Cerchiamo un trattore per portare del materiale a Nyeel, a 40 chilometri da qui, è l’ unico mezzo che può farcela in questa stagione, ma trattori non ce ne sono, mi guardo intorno, cerco un posto per comprare una ricarica telefonica, vedo una ragazza, seduta su uno sgabello basso, frigge qualcosa, sembrano frittelle, ne compro 3 per un pound, un quarto di euro praticamente, il locale mi ispira e propongo a Michael di entrare per un tè, abbasso la testa per entrare nella capanna di canne, 4 metri per 5, il sulo rugoso, irregolare, in terra battuta, calpestata da mille piedi e sporca di farina e chissà cos’altro. Ci sediamo sulla sedia di plastica marroncina, mi guardo attorno e c’è un vecchietto e 4 o 5 ragazze sedute a bere il the, non parlano, sembrano rilassate e e serene, sicuramente non indaffarate, una sorseggia the all’ibisco, chiamato karkade’, ne provo uno anch’io, dolcissimo, mezzo bicchiere di zucchero in un bicchiere di the, arrivano le frittelle, 4 al prezzo di 3, la ragazza ci aggiunge un cucchiaio di zucchero sul piattino delle frittelle, dolci, ma nemmeno troppo unte, chiacchero con Michael, mi racconta che la sua ragazza è in Uganda e andrà a trovarla ad inizio Ottobre, concordiamo le ferie, anch’io devo andare a trovare la mia, qualche centinaio di chilometri più a sud e qualche settimana dopo. Michael mi piace, è sveglio e lavoratore, mi trovo bene a lavorare insieme a lui, è più maturo della sua età, classe 1989.

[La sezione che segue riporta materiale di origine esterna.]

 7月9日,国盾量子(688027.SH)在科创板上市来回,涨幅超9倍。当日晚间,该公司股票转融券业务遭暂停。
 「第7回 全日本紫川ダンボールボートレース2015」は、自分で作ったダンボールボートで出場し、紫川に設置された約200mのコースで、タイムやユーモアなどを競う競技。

Una bimba di circa 10 anni ci porta il tè, poi torna ad accovaccarsi per terra, sta pestando le spezie che aromatizzeranno il caffè che sua mamma sta arrostendo sul fuoco di carbonella, l’odore pungente del caffè penetra prepotentemente nelle narici, punge quasi, svegliando i pigri neuroni della domenica mattina. La signora del caffè veste di viola, un vestito lucido e dale tinte forti, un viola acceso con ricami neri, il volto altrettanto nero, come il caffè che sta tostando, il sorriso largo e aperto, come i cieli d’Africa, una fascia viola in testa fatta della stessa stoffa del vestito. Blu, come il telo di plastica che copre mezza della parete che ho di fronte, marroncino come i pezzi di cartone che sporgono dal soffitto di canne, giallo come i vestiti di due ragazze che si alzano e se ne vanno.

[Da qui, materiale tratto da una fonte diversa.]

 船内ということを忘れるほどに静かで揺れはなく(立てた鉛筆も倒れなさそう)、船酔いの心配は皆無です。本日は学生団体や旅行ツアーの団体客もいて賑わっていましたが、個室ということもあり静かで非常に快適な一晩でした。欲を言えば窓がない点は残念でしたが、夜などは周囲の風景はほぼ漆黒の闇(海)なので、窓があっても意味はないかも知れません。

L’ essenzialità del posto è rilassante, vera, umana, calda e accogliente. La capannina del caffè è in realtà un mini-supermercato, all’entrata il cibo, le frittelle, a sinistra il “negozietto”, una vetrina di 4 ripiani fornita di zucchero (ovviamente), sigarette keniane, benzina, olio motore, forbici di plastica colorate dalla Cina, biscotti, ovviamente i Glucose, prodotti a Dubai con ingredienti di dubbia provenienza ma presenti ovunque in Africa, almeno tanto quanto Pepsi e Coca-Cola, le imprese avvelenatrici di falde acquifere e diritti umani e sindacali che arrivano ovunque. Annuso lo zenzero che la bambina sta ora pestando e ordino un caffè, sono curioso di assagiarlo, senza zucchero, specifico questa volta, arriva ed è buonissimo, chiedo anche un altro bicchiere, vuoto, per raffreddarlo, come al solito non riesco a bere le bevande troppo calde, chissa poi perché, Michael ride…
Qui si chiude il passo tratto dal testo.